Эта тяжкая наша весна 1973. И ГБ послало предупреждение (через Синявскую-Розанову, она с ними интенсивно общалась, обговаривая скорый отъезд своей семьи во Францию), что, если я добровольно не уеду из Союза – меня посадят и отправят умирать на Колыму. Нераздираемые, нарастающие наши бремена, ощущение надвигаемых ударов ГБ. И – такое письмо! Как оскорбительно, стыдно читать его в нашем подпольи. Значит, вся пятилетняя надежда, что «Архипелаг» спасён, переводится и грянет, – рухнула. Что за доводы на хилых ножках, мелочная обида, – и ещё привязывают нас юридическими петлями к переводу, не сдвинутому за 5 лет!
Если б мы знали, какой верный, добрый Уитни и его истинное соотношение с Карлайлами в работе, – так мы б не так горевали, баба с возу – кобыле легче. Но вот нас юридически связывают с неоконченным переводом, ни страницы переведенного не дав – и ничего уже не обещая. То есть даже запрещают начать английский перевод заново.
Я ответил горячо. Не могу предположить, что, имея 5 лет дело с «Архипелагом», они остались равнодушны к духу его. Он – не литературный товар, а звено русской истории. Однако ваше письмо пренебрегает именно этим духом. Издательства получат от книги небольшой доход, таковы будут мои условия, книги не должны продаваться по безумным западным ценам. И – снова я просил их передумать и остаться на переводе. (Да может, старики пристыдят её.) А если нет, я вижу один путь (никто не возьмётся исправлять чужой сырой материал; не вижу, как спасать работу в хаотическом состоянии): оплатить весь перевод, сделанный по сей день, – и предать огню в присутствии доктора Хееба. Перевод по-английски мы начнём заново (все права на перевод – у Томаса Уитни…).
И уже не требовал от них русского текста, того моленного, первого, – а его тоже сжечь!
Горечь в горле стояла ужасная. Ощущение провала в излелеянном деле.
Это моё левое письмо долетело до Карлайл быстро – и тотчас же слала она мне гневный ответ: они действовали только из любви к России и при таком безкорыстии заподозрены в коммерческих интересах! да будь это прежние времена, она прибегла бы к защите её отца, чтоб он вызвал меня на дуэль за оскорбление чести дочери. А между тем – она меня «сделала известным на Западе» (а я думал – Иван Денисович…) и помогла получить Нобелевскую премию, вот как!.. Теперь она указывала и ещё одну причину разрыва: что я недоволен их переводом «Круга». Но об этом она знала от родителей уже три года назад, а ссылалась, будто впервые узнаёт через Бетту (и опять – чтобы скрыть заядлую причину: утерю надежды на мировой копирайт).

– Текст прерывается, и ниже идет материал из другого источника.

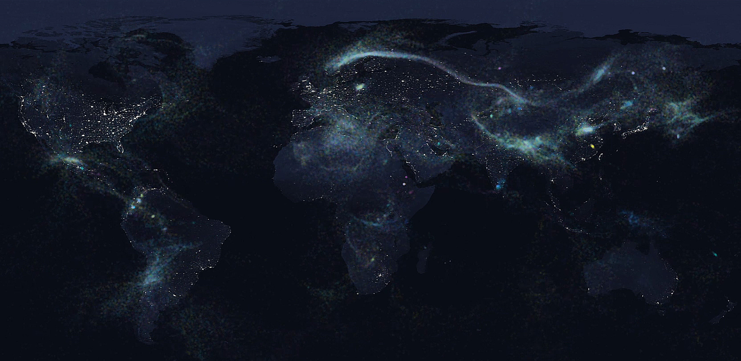 On the screen, the emotions of the world move and spread around the planet according to real-time winds, creating chance arabesques on the world map, forming meandered natural movements similar to the brushstrokes of Chinese calligraphy and ink drawing. Created through the automatic analysis of Internet data representing the emotions of 3200 of the world’s largest cities, the work understands the Internet as a de facto ‘World Nervous System’, or the harbinger of the planet’s emotional sensitivities. Emotion Winds, is the last avatar of the Mechanics of Emotions series of artworks. Beginning in 2005, with MoBen’s solo show, e-Market, Emotional Market, at the 18 on the Bund Gallery in Shanghai, Mechanics of Emotions considers the ‘World Nervous System’ as reflecting the feelings and the emotions of humankind. Mechanics of Emotions includes installations, digital sculptures, musical performances, an Emotion Vending Machine, Interactive installations, and Urban Screens displayed all around the world (New, York, Paris, Berlin, Dubai, Sydney, Melbourne, Seoul, Hong Kong… and Shanghai). Emotion Winds expands the running theme of this far-reaching oeuvre, namely the relationship between ‘big data’ and what MoBen describes as ‘the human factor’ - that which makes something tangibly human. The works in the series utilize techniques from economics to measure human sensitivities or feelings, looking at ways in which conventional forms of the quantification of Big Data can give credence to systems detached from, or playing with, the very tenor of human emotions. In other works in the Mechanics of Emotions series, stock market data has been directly compared to information related to real human affects. In Emotion Winds, these same human emotions are overlaid and combined with graphic representations of natural phenomena such as global wind cycles, and a poetic visualization finally emerges of Internet emotion streams from different cities across the world being taken and shared by the power of the planet’s real winds. This new work reflects the aesthetic impact of Asian culture on MoBen’s practice since his first installations in Asia (China, Korea, Japan…), and his recent move to Hong Kong. Sound composition by Jean-Baptiste Barrière engineering and Implementation: Wang Xiao |

Успел я предупредить Хееба: ни в коем случае не ехать, как он собирался, за океан к Карлайлам, не надо кланяться. Он получил моё письмо вовремя – и всё равно упрямо поехал в июне в Нью-Йорк, с женой (слабость к путешествиям и к представительствованию).
Уронил мою позицию – и решительно ничего не продвинул. Нежно и пусто провёл время в гостях у Карлайлов. (Она теперь пишет в книге: он и не спрашивал у неё английского перевода «Архипелага», – тогда и вовсе зачем ездил? А Хееб говорит: они отказались дать, перевод не готов. Та́к оно потом и оказалось: не готов.) Не сделал и попытки познакомиться с Уитни (или не свели их). И вернулся в Европу с пустыми руками.
А к концу лета 1973 – был схвачен «Архипелаг» гебистами, погибла Воронянская, – и я отчаянно дёрнул дальний взрывной шнур «Архипелага»[102]. А взорваться было – только тому, что́ расстарались мы в последнее время: немецкому да шведскому изданию. Главное же, англо-американское, решающее весь ход мирового общественного мнения, – вот, не оказалось готово. Только тут Карлайлы вернули Уитни перевод (который и содержался не у него, оказывается), и он кинулся работать. Только в октябре 1973 приехал Курто из Штатов, привёз Хеебу лишь 1-й том «Архипелага», неготовый, который ещё предстояло дорабатывать.
Вот так мы передали плёнку «Архипелага» в «верные руки». Как саранча налетела и поела плод доверчивой дружбы старших поколений, и память замученных.
И вдруг, чего нельзя было ожидать, я оказался на Западе. Энергичная дама, очевидно, забезпокоилась. Она была безупречна за подписью Хееба и пока я сидел в восточной клетке – а что теперь? Она не стала бездейственно ждать, но кинулась навстречу ожидаемой опасности: поехала в Европу искать встречи со мной.
А я первые несколько недель после высылки ведь не сознавал всего отчётливо, да многого пока и не знал. Ещё семья в Москве. Ещё висит судьба архива – удастся ли вывезти его? А тут – на второй же день в Цюрихе – телеграмма из Вашингтона: теплейшие поздравления и молится за прибытие моей семьи; знает, что даже в изгнании я осуществлю свою миссию; посетит родителей в Женеве в марте и надеется увидеть меня, Ольга Карлайл.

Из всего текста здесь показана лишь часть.